FPrintScan searches for the closest matching protein fingerprints in PRINTS, a compendium of protein fingerprints.

Gene3D

Gene3D is a program for studying proteins and the component domains. The database contains descriptions of protein families and domain architectures in complete genomes. Gene3D takes the HMM's derived from CATH families and afterwords it scans them against various sequence databases.

HMMPanther

HMMPanther searches against PANTHER, a database that classifies genes by their functions, using published scientific experimental evidence and evolutionary relationships to predict function even in the absence of direct experimental evidence.

HMMPfam

HMMPfam searches against the Pfam database, a large collection of protein families, each represented by multiple sequence alignments and hidden Markov models (HMMs).

HMMPIR

HMMPIR searches against the PIR SuperFamily (PIRSF), a classification system based on evolutionary relationship of whole proteins.

HMMSmart

HMMSMART searches against SMART, a Simple Modular Architecture Research Tool. It allows the identification and annotation of genetically mobile domains and the analysis of domain architectures.

HMMTigr

HMMTigr searches against TIGRFAMs, a collection of protein families, featuring curated multiple sequence alignments, hidden Markov models (HMMs) and annotation, which provides a tool for identifying functionally related proteins based on sequence homology.

ProfileScan

ProfileScan is an application of generalized profiles.
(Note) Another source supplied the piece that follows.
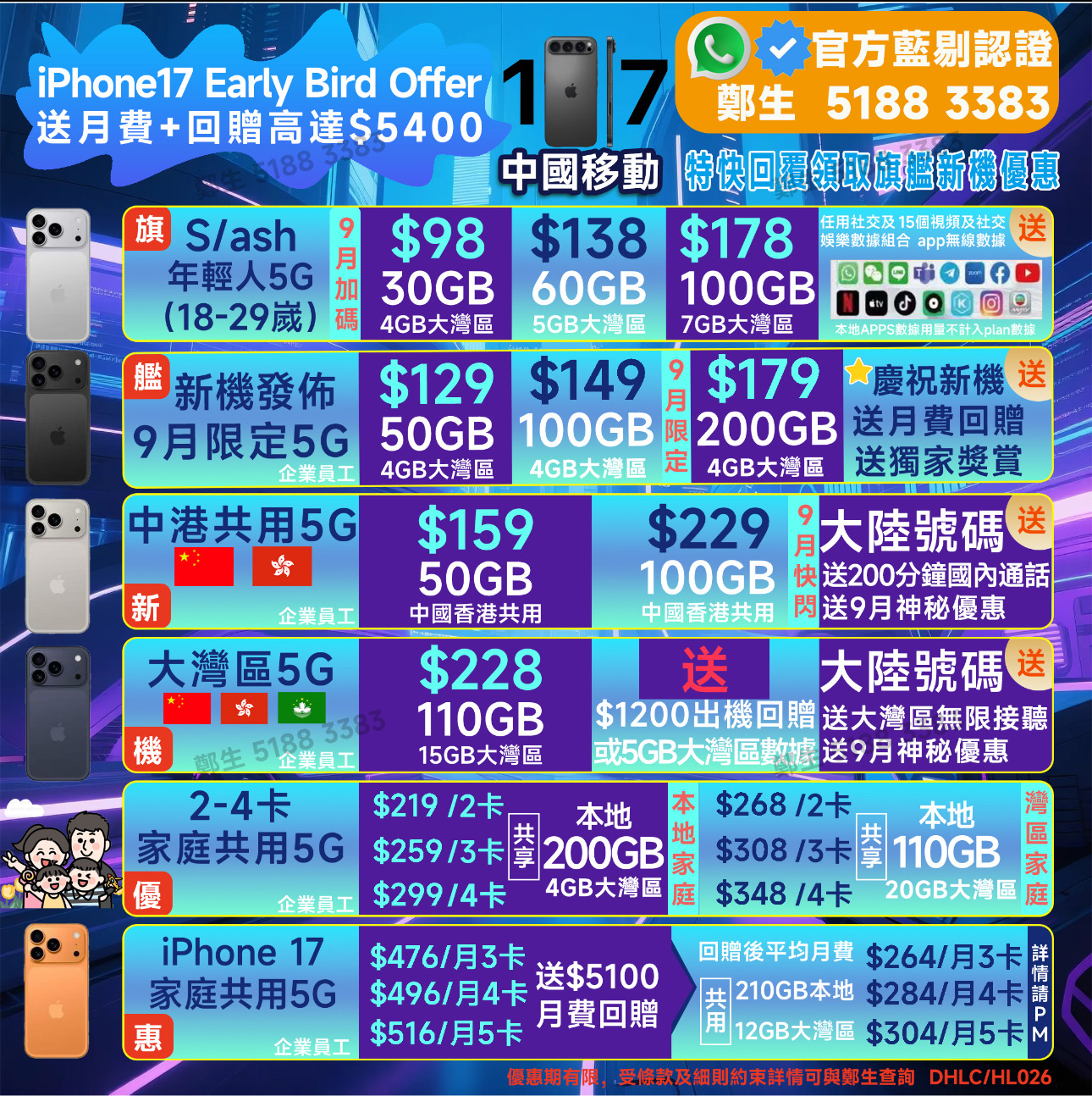 - 🥇9月限定5G$130/100GB+4GB大灣區秒殺

It uses a very sensitive method for the discovery of distant sequence relationships.

PatternScan

PatternScan is a search against PROSITE, which consists of documentation entries describing protein domains, families and functional sites as well as associated patterns and profiles to identify them.

SignalPHMM

SignalPHMM predicts the presence and location of signal peptide cleavage sites in amino acid sequences from different organisms (Gram-positive prokaryotes, Gram-negative prokaryotes, and eukaryotes).

SuperFamily

Superfamily serches for structural and functional protein annotations for all completely sequenced organisms saved in the Superfamily database.

TMHMM

TMHMM predicts transmembrane helices in proteins.

Phobius

Phobius predicts transmembrane topology and signal peptides from the amino acid sequence of a protein.

PrediSi

PrediSi (PREDIction of SIgnal peptides) is a tool for predicting signal peptide sequences and their cleavage positions in bacterial and eukaryotic proteins. The calculation is performed in real time with high accuracy and uses a position weight matrix approach, which is improved by a frequency correction that takes the amino acid bias present in proteins in consideration.

For using PrediSi you have to declare the type of input sequence (Gram-positive prokaryotes, Gram-negative prokaryotes, and eukaryotes).